SANÁ, Yemen (AP) — Los rebeldes que ocupan la capital de Yemen dispersaron el domingo un pequeño grupo de manifestantes que protestaban contra ellos, dispararon fusiles automáticos al aire, rompieron cámaras a los periodistas y tuvieron una escaramuza con la multitud, con un saldo de 11 arrestados.

La marcha ocurre un día después de manifestaciones mucho más grandes en todo el país por parte de decenas de miles de personas que se oponen a los rebeldes, conocidos com hutíes, en medio de un vacío de poder en un país que Washington describe como la rama más peligrosa de al-Qaida.

En otra protesta el domingo en Saná, unos 200 manifestantes se reunieron en la Plaza del Cambio para una marcha hacia el palacio presidencial. En la plaza nació el levantamiento contra el autócrata Alí Abdulá Salé en 2011.

La agencia estatal de noticias SABA reportó que el Parlamento pospuso una reunión programada para el domingo con el fin de decidir si aceptaba la renuncia de Abed Rabbo Mansur, quien renunció como presidente con su gabinete el jueves. Hadi permanece en su residencia privada.
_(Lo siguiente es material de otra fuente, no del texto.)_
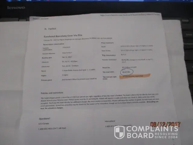>>>> FORMAL CLAIM FOR REIMBURSEMENT We booked a Hotel with your company for the 26th of May in Toronto (Pinacle Suites located in 5 Hanna Street). In the confirmation response it was clearly said that we did not needed further confirmation and we could arrive at anytime that day. My credit card was charged with the complete fee plus taxes. Thanks! Your reservation is confirmed. No need to call to reconfirm. Pinnacle Suites - Trendy 2-Story Loft, Toronto May 26, 2017 - May 27, 2017 Check-in and Check-out Check-in time 4:00 PM Check-out time 11:00 AM Check-in policies Check-in time starts at 4:00 PM Minimum check-in age is 18 Your room/unit will be guaranteed for late arrival. When we arrived to the Hotel, tired after a long journey, with our suitcases, expecting to have a pleasant stay, we were confronted with the unpleasant surprise that there was not record of a reservation in our name and the person in the front desk told us that this location was not a Hotel and the owners were not allowed to rent their units. This is misleading information, since in your page the place is advertised as a HOTEL. Pinnacle Suites - Trendy 2-Story Loft 5 Hanna Avenue, Toronto, ON, M6K 3E7 Canada View hotel Map and directions We called your company right away and did not have a satisfactory response from your employee or call center in charge, and there was no alternative solution given. It was around 10 pm and we stayed there for about an hour trying to solve the situation. At the end, we were forced to leave and ended sleeping in the floor in the apartment of a relative, since we are seniors, it was almost midnight and there was no hotels with space in the area. I am an attorney and know our consumer rights were violated. In this moment I do not have the intention to present a case against your company or claim for punitive damages and other compensations, unless you continue to ignore our valid complains. The least effect I expected from HOTWIRE was to receive your apologies plus a complete reimbursement of the amount charged to my credit card, since we could not use the contracted unit due to your fault, not ours.

En otra parte de la capital, un carro bomba explotó, con un saldo de cinco heridos, uno de ellos de gravedad, dijeron funcionarios de seguridad, quienes agregaron que los hutíes habían rodeado la sede de la fuerza aérea e impidieron entrar a su principal oficial. Los funcionarios hablaron a condición de no ser identificados porque no estaban autorizados a hablar con los medios.

Mientras tanto, el enviado de la ONU Jamal Benomar estaba en Saná reunido con representantes hutíes y de varios partidos políticos yemeníes.